Выбора профессии у меня особого не было, как у человека, который ничего, помимо искусства, делать не хочет. Я уверен, что художники умеют всё, просто чем-то не хотят заниматься. Но стал я художником довольно случайно. Сначала я думал о профессии архитектора. Мне повезло, и в МАРХИ я не поступил, благодаря чему получил другую профессию - мультипликатора. Затем я увлёкся фотографией, учился на журналиста и позже попал в Школу Родченко. Уже на первом курсе я понял, что не хочу заниматься только фотографией, возможно, даже совсем не хочу ей заниматься. И поскольку к тому моменту у меня был некоторый опыт в анимации, я перешёл на видео. На данный момент у меня есть три диплома, но я постоянно занимаюсь самообразованием. Образование, которое я получил, стало хорошей базой для того, чтобы заниматься искусством. Например, в семнадцать лет я учился классической музыке и звукозаписи, а сейчас эти навыки неожиданно оказались необходимыми.

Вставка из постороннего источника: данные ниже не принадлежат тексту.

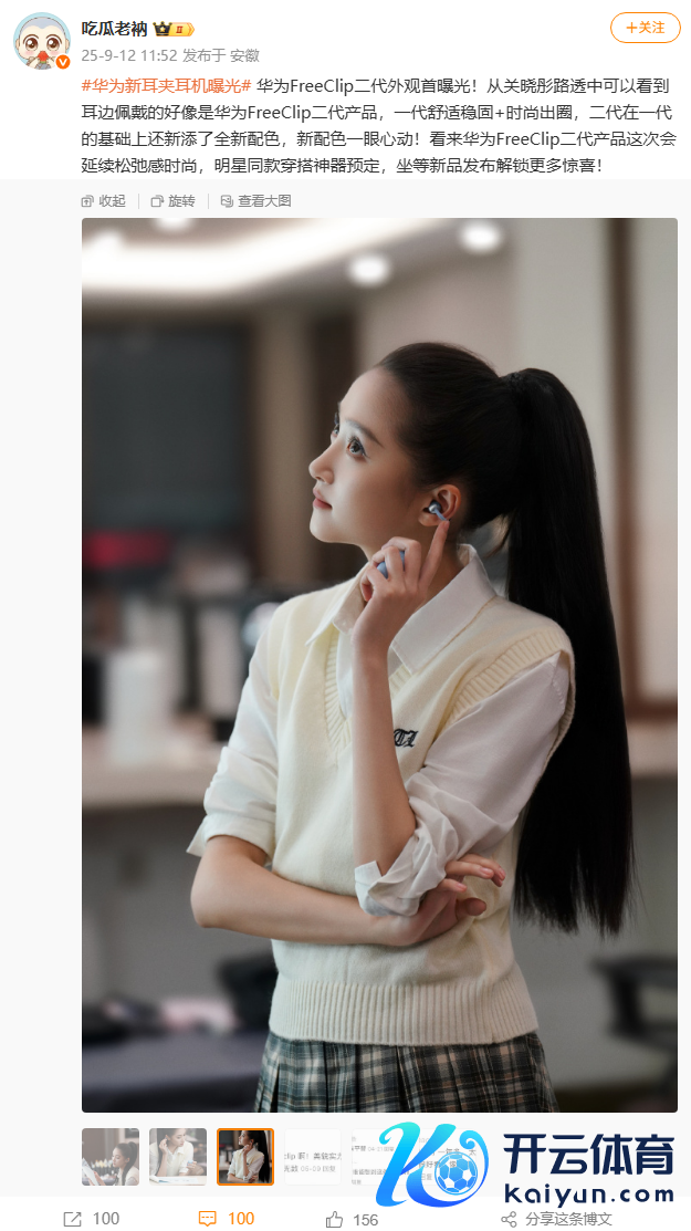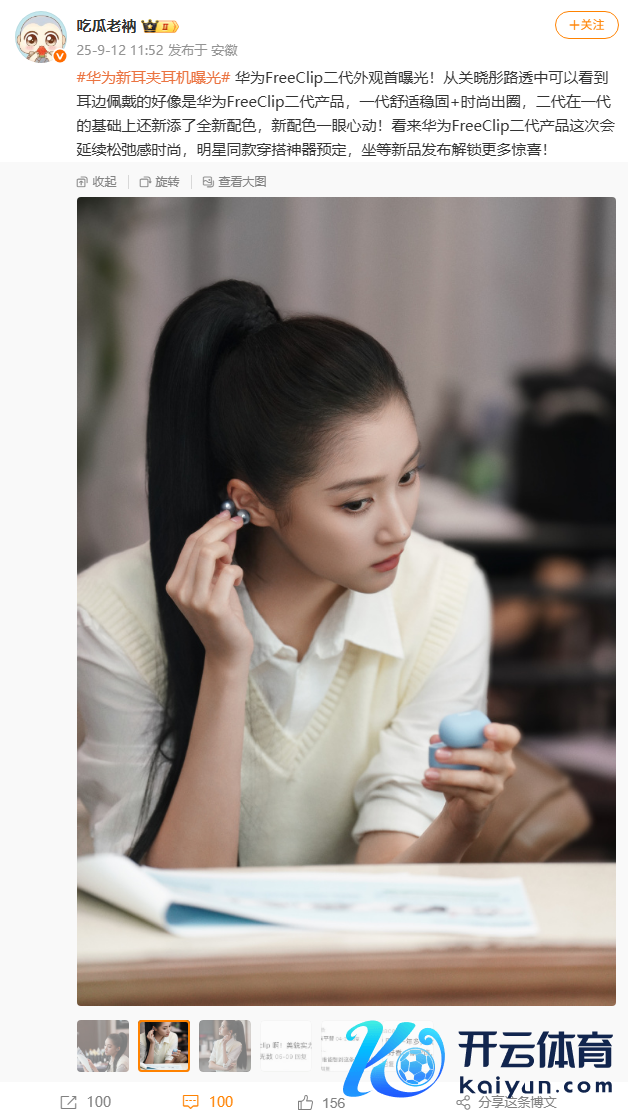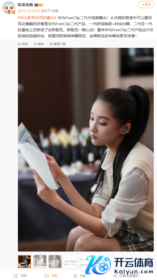 IT之家 9 月 12 日音讯,今天有文娱博主放出了三张关晓彤佩带 FreeClip 2 耳夹耳机“丹宁蓝”的路透图,获取各路数码博主转发,意味着 FreeClip 2 或将在近期发布。 IT之家查询约略,华为 2023 年推出了首款改进形状的耳夹式耳机 ——FreeClip,继承“C 形桥”盘算推算,利用镍钛缅念念合金,单耳分量 5.6g。 凭据 @数码闲话站 爆料,华为 FreeClip2 型号 T0027,传输速度、音质判辨、佩带体验皆会升级,配色有羽沙白 / 摩登黑 / 丹宁蓝,暂定...

О ПОЛИТИКЕ И ГУСТАВЕ КУРБЕ

Я понимаю определение «политический» довольно широко, искусство, несомненно, - это политическое занятие. Не обязательно говорить в своих фильмах о политике прямо. Но художник изначально является фигурой публичной, таким медийным персонажем, который постоянно оперирует смыслами, доставая одни из них и погружая другие во тьму времени. К примеру, если я сейчас начну снимать фильм о Мандельштаме, это будет абсолютно политическая работа, поскольку я актуализирую некое поле смыслов, которое начнёт взаимодействовать с современным контекстом. Сейчас я снимаю фильм на телефон. Это довольно поэтичный и политический фильм, короткометражная экспериментальная вещь. Это не кино в том смысле, в котором мы его привыкли воспринимать: в нём нет, например, сценария. Этот фильм находится на границах документального и игрового кино и развивается стихийно, меняясь согласно траектории жизни, он состоит из образов, которые наслаиваются друг на друга, как в барочной музыке. Там есть прямые разговоры о политике, но это вовсе не главное. Я подхожу к отснятым материалам как антрополог, которого интересуют жесты людей, поступки, движение, речь. Я пытаюсь зафиксировать те изменения, которые происходят с человеком сегодня, и передать ощущение времени. И тут многое связано с языком самого видео, который тоже постоянно меняется. Ведь я снимаю фильм на телефон, что тоже является жестом. Но всё это не должно скатиться до дневниковых заметок. У фильма было рабочее название, к которому я, может быть, ещё вернусь, - «Похороны Курбе». Густав Курбе был, как известно, предвестником модернизма и первым реалистом. У него есть картина, которая называется «Похороны в Орнане», это город, в котором он родился. То есть название одновременно отсылает и к картине, и к его собственной смерти. Курбе - политический художник, фигура, которая мне всегда была интересна. Но скорее всего, фильм будет называться как-то иначе.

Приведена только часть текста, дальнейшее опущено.